On 11/21/2006 10:42 AM, Rauber, Joel wrote:

| I understand that lots of people (including apparently the folks at
| NIST) want weight to be the same thing as gravitational
| force, but I have yet to hear one compelling reason for that.
|

That's not how I read the following:

"According to NIST (http://physics.nist.gov/Pubs/SP811/sec08.html) - the
closest we have in the US to an "official definition":


"In science and technology, the weight of a body in a particular
reference frame is defined as the force that gives the body an
acceleration equal to the local acceleration of free fall in that
reference frame . . ."

Doesn't this say that the weight of an astronaught is zero in the rest
frame of the orbiting shuttle, since the local free-fall acceleration is
zero in that frame. Therefore the force to give it that acceleration is
zero, i.e. weightless??

It is conventional and IMHO reasonable to say that the astronaut
is weightless in the reference frame comoving with the orbiting
spacecraft.

The only slight risk of confusion arises when we try to connect
"weight" with "force of gravity". The question is whether the "force
of gravity" should include:
a) all types of acceleration of the reference frame, in accordance
with the equivalence principle, or
b) only the GM/r^2 acceleration, in accordance with the law of
"universal" gravitation.

In each case, the ideas are clear; AFAICT the only problem arises
from ambiguous terminology; what do we mean by _gravity_? There
two reasonable but inequivalent answers.

If we are confused by this, talking amongst ourselves, just imagine
how confused the students must be!

Many textbooks are shamelessly inconsistent about this. In the
chapter on universal gravitation they use the terms one way, and
then in other chapters, including anything that involves practical
weighing, they use the terms the other way.
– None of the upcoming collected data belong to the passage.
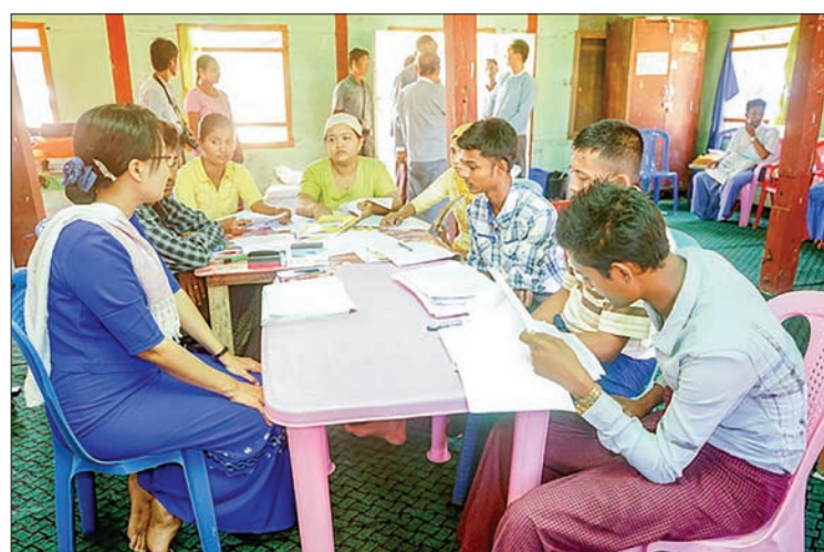
A class in session in Basic Education High School in Thetkel Pyin village.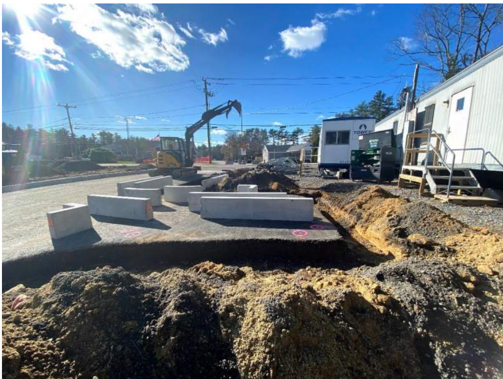
Pre-Cast Curbing Installation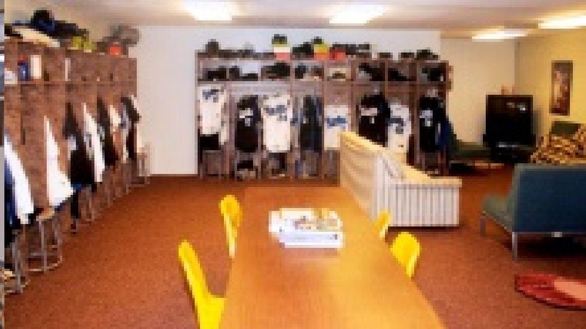
Baseball Club House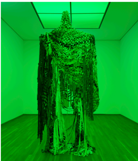
Beyond the Black Atlantic, installation view, Kunstverein Hannover, 2020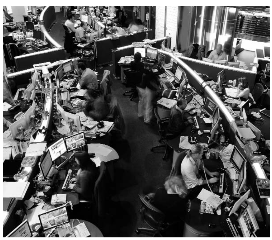
The Sky News newsroom: likely to fall under the Murdochs' complete control

customers, spending on average more than £500 a year each – nearly four times the BBC licence fee. Next year it is expected to register profits of £910 million on a turnover of £6.4 billion, which is four times that of ITV and half as much again as the BBC's.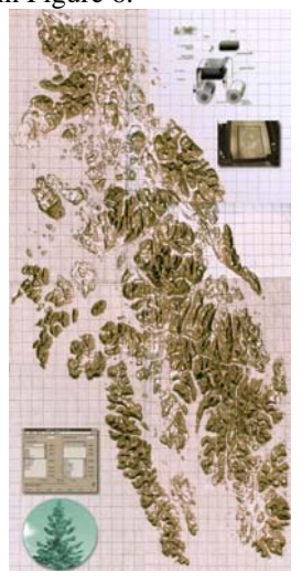
Figure 6: Final Physical Model from the LOM Machine

The desired size of the model was larger than our LOM machine could handle, so the geometry of the STL file was split into four pieces. The resulting physical model, with all four plates connected, is shown below in Figure 6.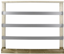
Plank 18,6 mtr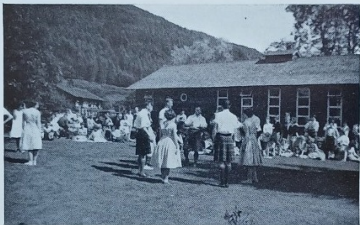
YOUTH CAMP, ABERTOYLE, 1960.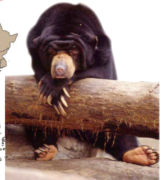
Sun bears are excellent climbers.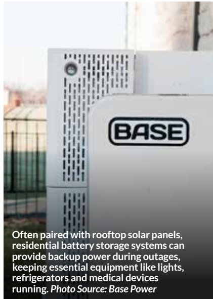
Often paired with rooftop solar panels, residential battery storage systems can provide backup power during outages, keeping essential equipment like lights, refrigerators and medical devices running.

Across the country, electric co-ops are deploying battery energy storage systems to support grid operations and manage local demand. Batteries can store excess electricity from renewable sources like solar and wind, then

The only way I know to get out of the mess is to define better
terminology. As I mentioned earlier today, I get a lot of mileage
out of the terms
-- N-down (Newtonian down, directed toward the center of the
earth), and
-- E-down (Einsteinian down, as defined by a freely-falling
particle).

Perhaps we can extend this and define N-gravity and E-gravity. The
astronauts in orbit have no E-gravity relative to the spacecraft
frame, but N-gravity still accelerates them toward the center of
the earth.

ISTM that in almost all practical situations, when people talk about
gravity they mean E-gravity. Physicists are sometimes interested in
discussing N-gravity separately, and it is common to discuss N-gravity
in introductory classes, in connection with the GmM/r^2 law.

I understand that it would be simple and elegant if "the" gravity
were defined to be equal to N-gravity ... but such a definition would
be very unconventional and very impractical.